### Task directions
All entries below are to be returned exactly, with pictures left out.

(Extracted data entries)
*** Block opens ***

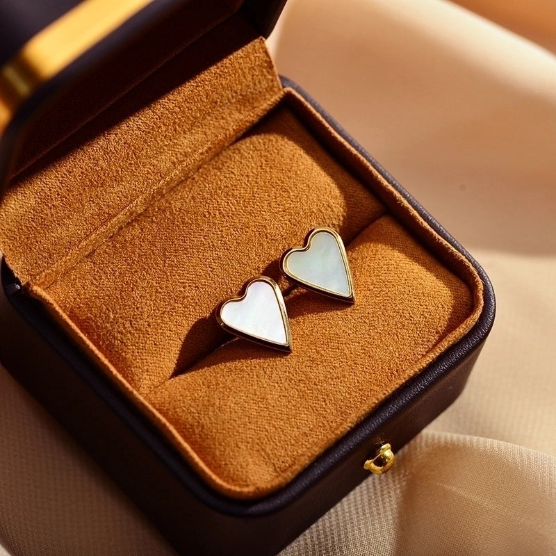 1 Pair Elegant Stripe Heart Shape Plating Inlay Copper Malachite Shell Gold Plated Ear Studs
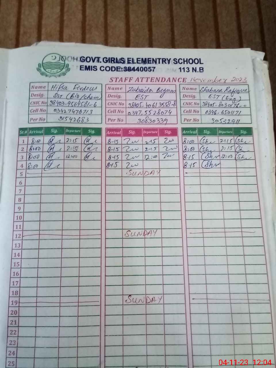 | CNIC | Full Name | Designation | R/C | Absence During Last Calender Month |
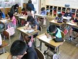 朝の体操の時間に5年生の教室をのぞいてみました。
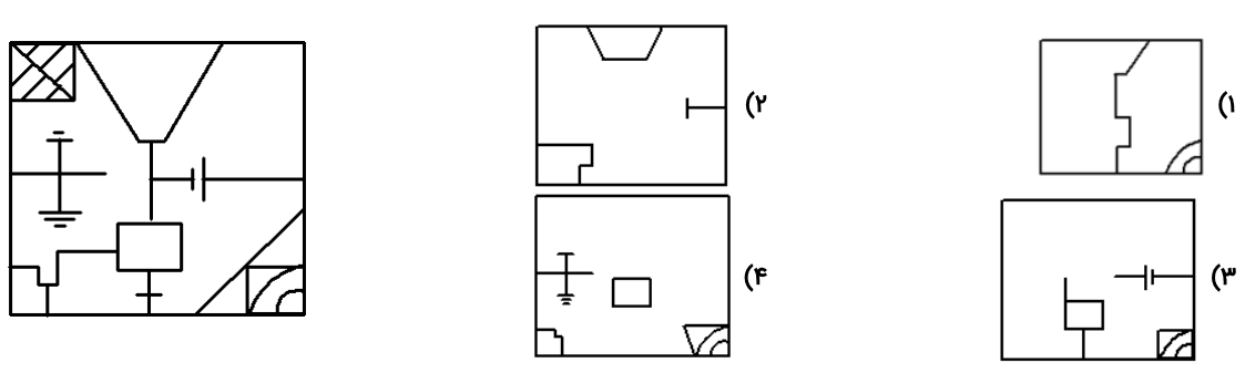 پاسخ تشریحی: گزینه 4- مثلث و مربع روبه روی هم هستند(حذف گزینه 2) با توجه به تکنیک L می توان شکل مقابل را برای گسترده رسم کرد.
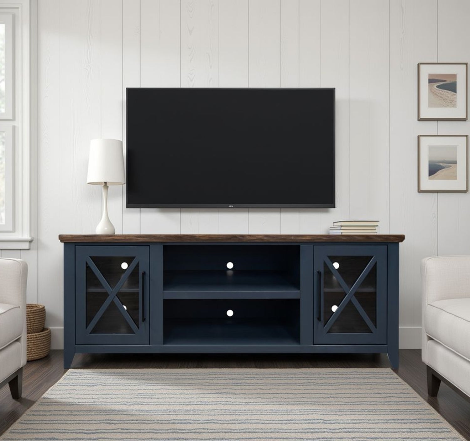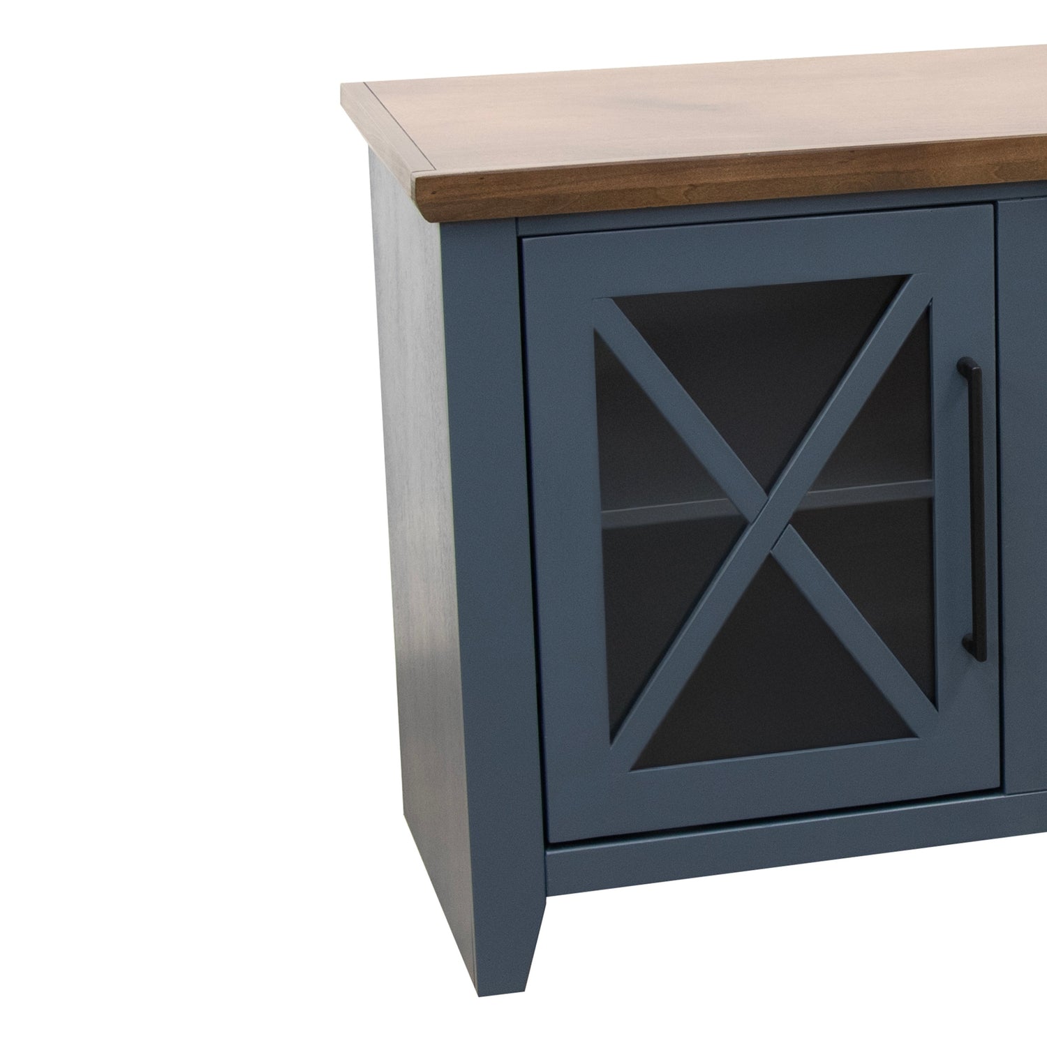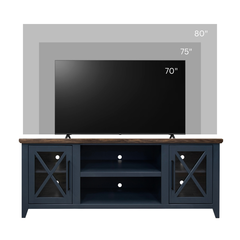 Ithaca 66 inch TV Stand Console, For TVs up to 80 inches, No Assembly Required, Blue and Bourbon Finish
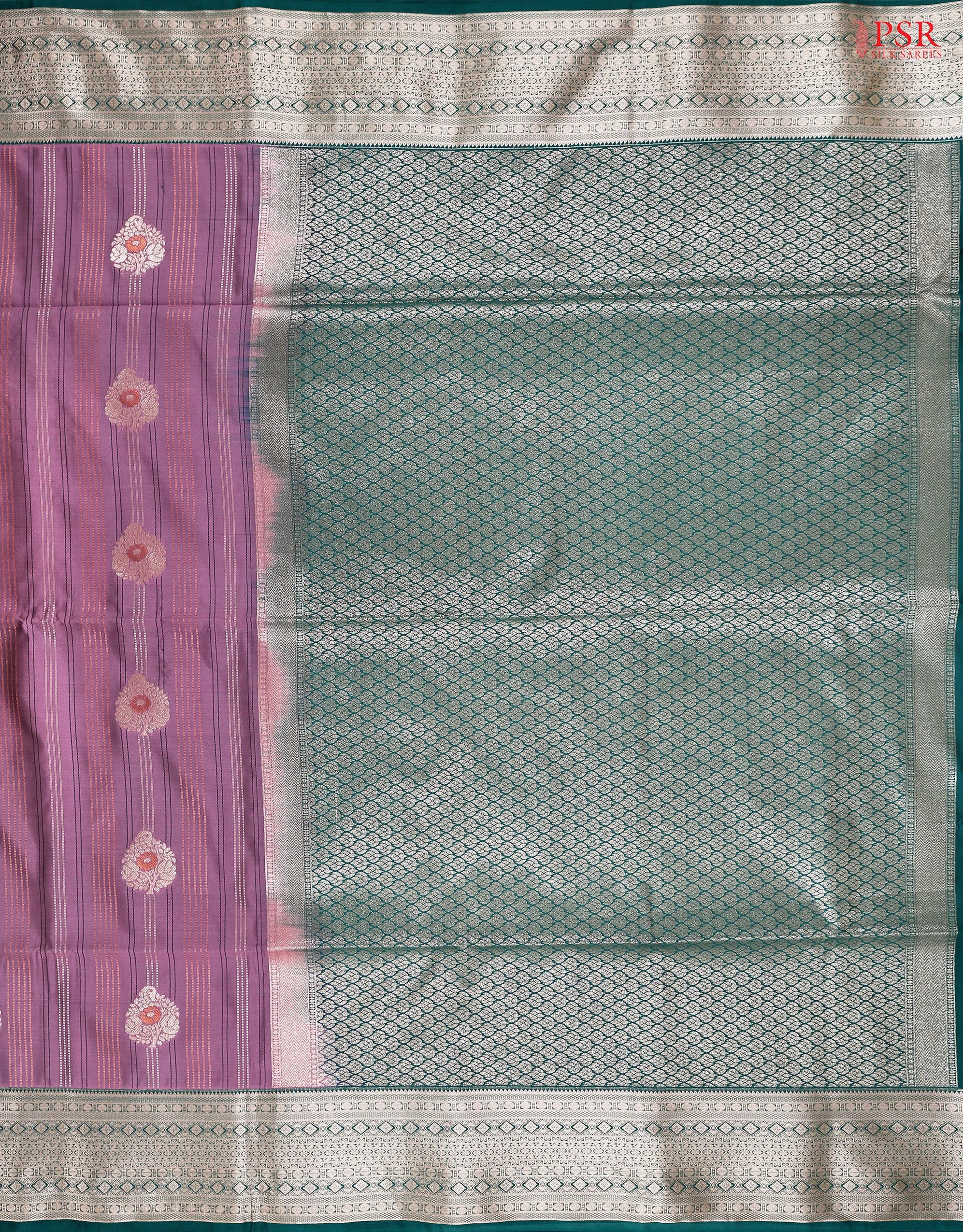 PSR Silk Sarees presents a Onion Purple Soft Art Silk saree with combination of Persian Green color.

*** Block closes ***

### Written answer
 1 Pair Elegant Stripe Heart Shape Plating Inlay Copper Malachite Shell Gold Plated Ear Studs
 | CNIC | Full Name | Designation | R/C | Absence During Last Calender Month |
 朝の体操の時間に5年生の教室をのぞいてみました。
 پاسخ تشریحی: گزینه 4- مثلث و مربع روبه روی هم هستند(حذف گزینه 2) با توجه به تکنیک L می توان شکل مقابل را برای گسترده رسم کرد.
 Ithaca 66 inch TV Stand Console, For TVs up to 80 inches, No Assembly Required, Blue and Bourbon Finish
 PSR Silk Sarees presents a Onion Purple Soft Art Silk saree with combination of Persian Green color.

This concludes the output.